# [EXTRACTED DATA]
..............................

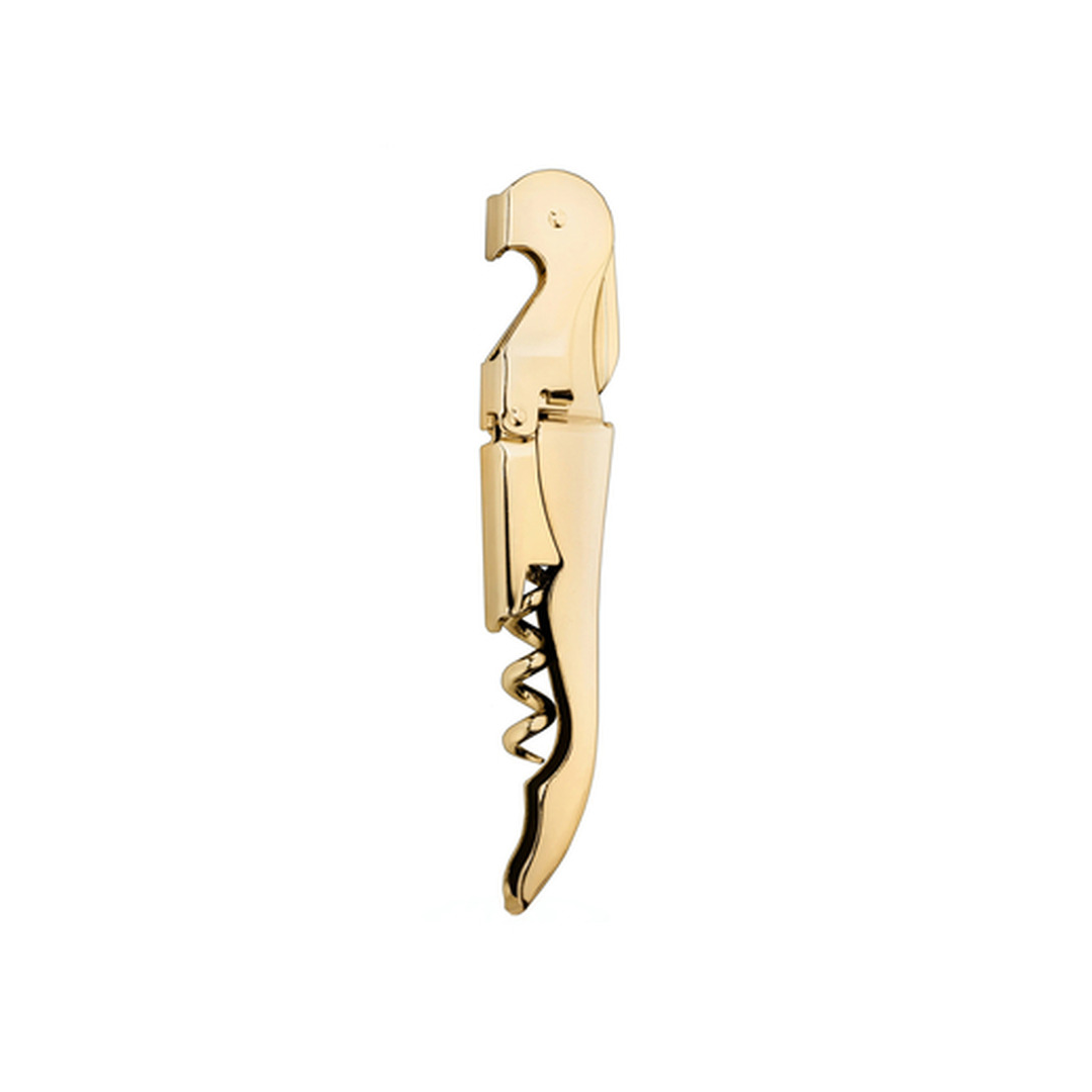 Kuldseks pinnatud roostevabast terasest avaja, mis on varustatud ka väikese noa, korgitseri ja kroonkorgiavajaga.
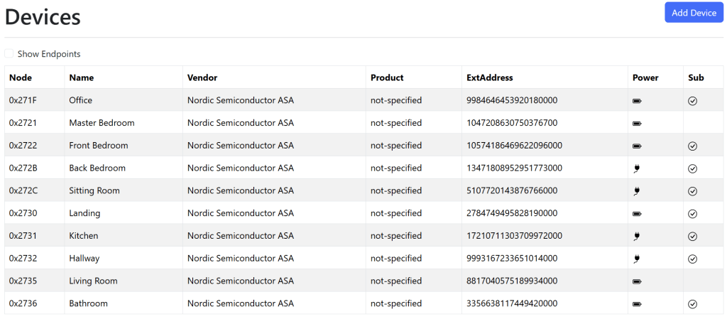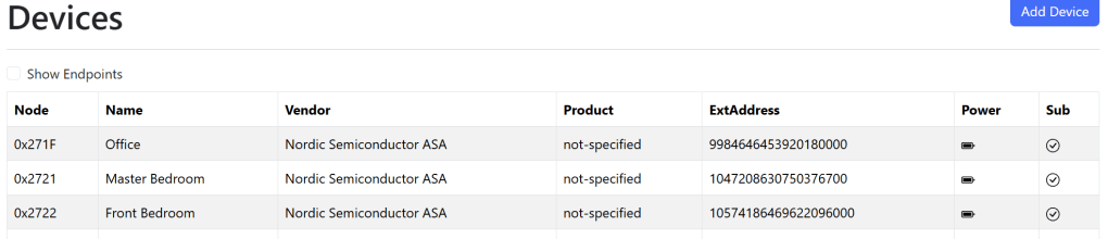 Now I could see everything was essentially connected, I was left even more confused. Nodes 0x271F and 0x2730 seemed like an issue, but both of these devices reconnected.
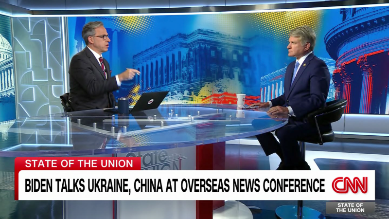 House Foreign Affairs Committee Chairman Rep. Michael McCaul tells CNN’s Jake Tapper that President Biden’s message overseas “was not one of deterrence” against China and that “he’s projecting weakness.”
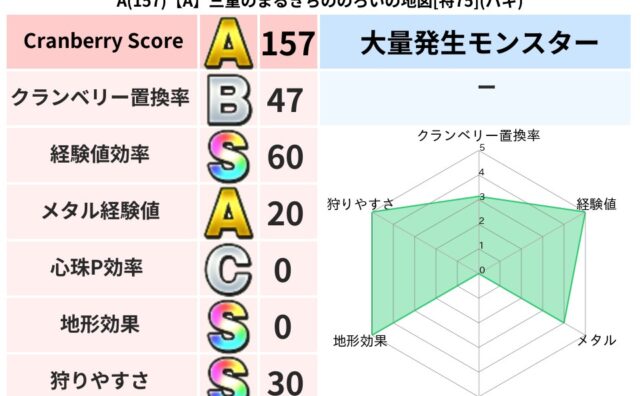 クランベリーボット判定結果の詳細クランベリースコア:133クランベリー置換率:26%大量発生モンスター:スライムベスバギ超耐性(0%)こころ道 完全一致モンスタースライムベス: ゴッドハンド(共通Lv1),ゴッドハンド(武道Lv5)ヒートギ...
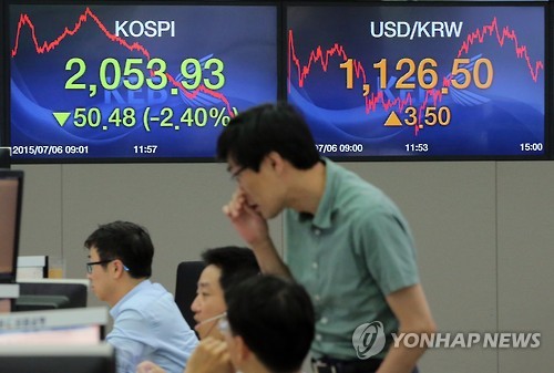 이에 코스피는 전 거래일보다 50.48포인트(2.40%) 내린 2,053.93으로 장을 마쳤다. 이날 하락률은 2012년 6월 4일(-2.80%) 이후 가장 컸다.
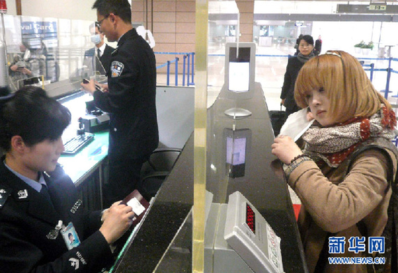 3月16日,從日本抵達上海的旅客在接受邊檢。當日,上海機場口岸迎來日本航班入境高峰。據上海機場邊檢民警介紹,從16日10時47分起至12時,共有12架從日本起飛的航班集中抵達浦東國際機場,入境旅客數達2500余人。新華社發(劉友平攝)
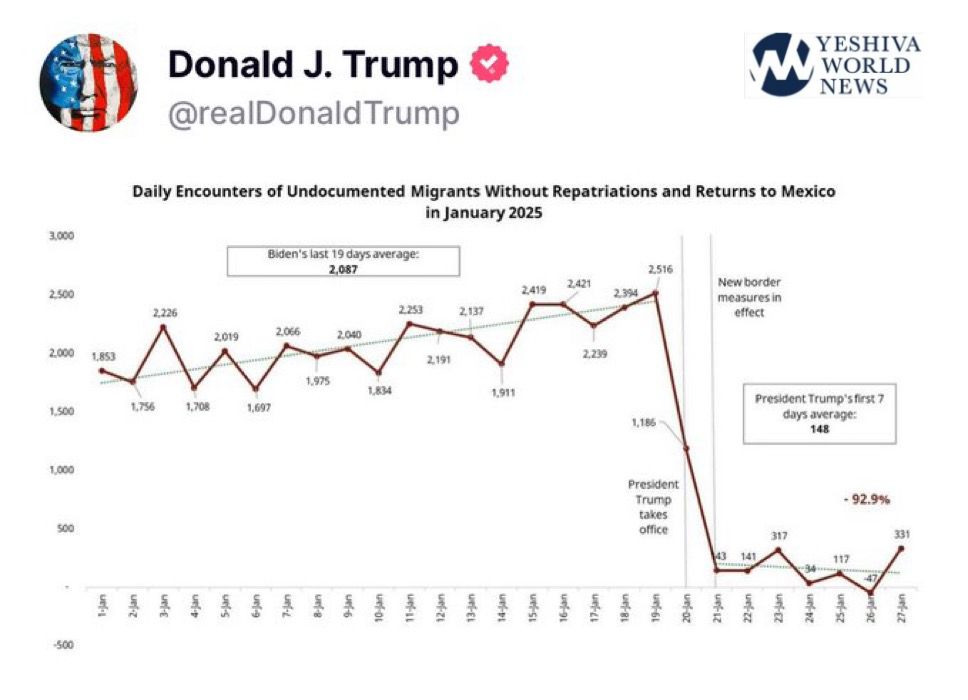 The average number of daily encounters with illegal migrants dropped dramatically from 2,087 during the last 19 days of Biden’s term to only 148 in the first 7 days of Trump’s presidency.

..............................

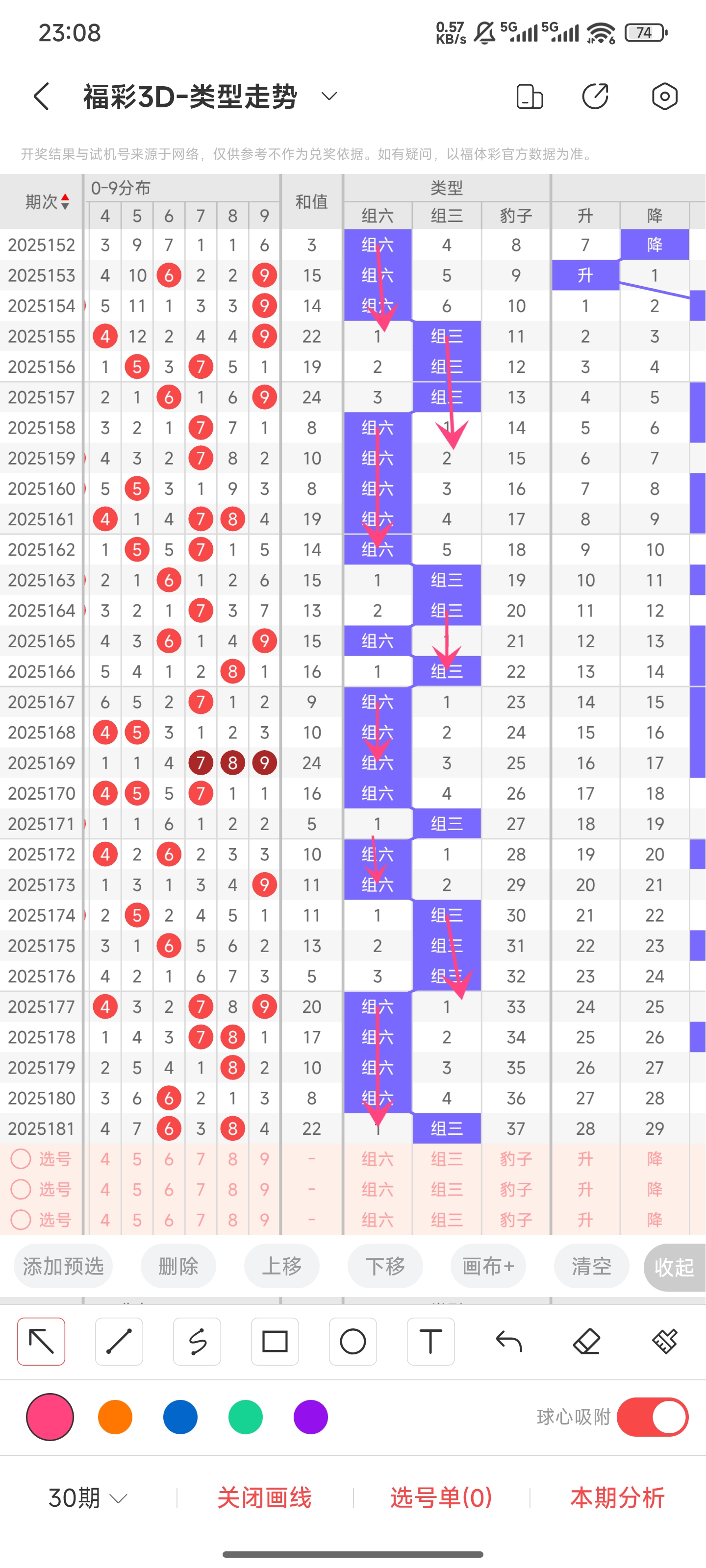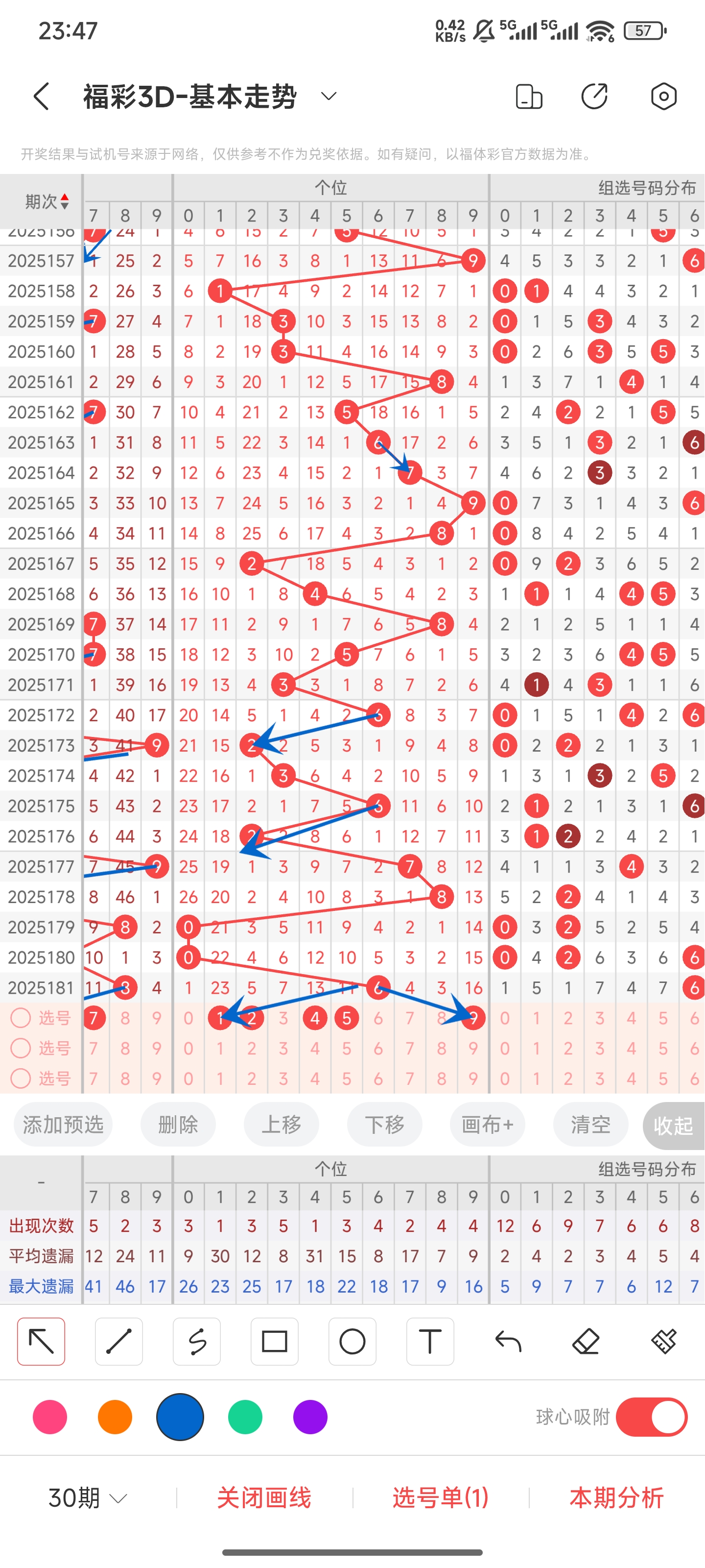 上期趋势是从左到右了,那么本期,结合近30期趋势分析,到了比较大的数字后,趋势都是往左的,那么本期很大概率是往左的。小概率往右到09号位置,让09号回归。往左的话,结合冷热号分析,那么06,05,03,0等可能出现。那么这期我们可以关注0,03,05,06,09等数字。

..............................

# [WHAT YOU HAVE TO DO]
Among the entries above, take the line with "Kuldseks pinnatud roostevabast", the line with "The average number", and all the lines between them, and restate them word for word without pictures.

# [RESULT OF THE TASK]
 Kuldseks pinnatud roostevabast terasest avaja, mis on varustatud ka väikese noa, korgitseri ja kroonkorgiavajaga.
 Now I could see everything was essentially connected, I was left even more confused. Nodes 0x271F and 0x2730 seemed like an issue, but both of these devices reconnected.
 House Foreign Affairs Committee Chairman Rep. Michael McCaul tells CNN’s Jake Tapper that President Biden’s message overseas “was not one of deterrence” against China and that “he’s projecting weakness.”
 クランベリーボット判定結果の詳細クランベリースコア:133クランベリー置換率:26%大量発生モンスター:スライムベスバギ超耐性(0%)こころ道 完全一致モンスタースライムベス: ゴッドハンド(共通Lv1),ゴッドハンド(武道Lv5)ヒートギ...
 이에 코스피는 전 거래일보다 50.48포인트(2.40%) 내린 2,053.93으로 장을 마쳤다. 이날 하락률은 2012년 6월 4일(-2.80%) 이후 가장 컸다.
 3月16日,從日本抵達上海的旅客在接受邊檢。當日,上海機場口岸迎來日本航班入境高峰。據上海機場邊檢民警介紹,從16日10時47分起至12時,共有12架從日本起飛的航班集中抵達浦東國際機場,入境旅客數達2500余人。新華社發(劉友平攝)
 The average number of daily encounters with illegal migrants dropped dramatically from 2,087 during the last 19 days of Biden’s term to only 148 in the first 7 days of Trump’s presidency.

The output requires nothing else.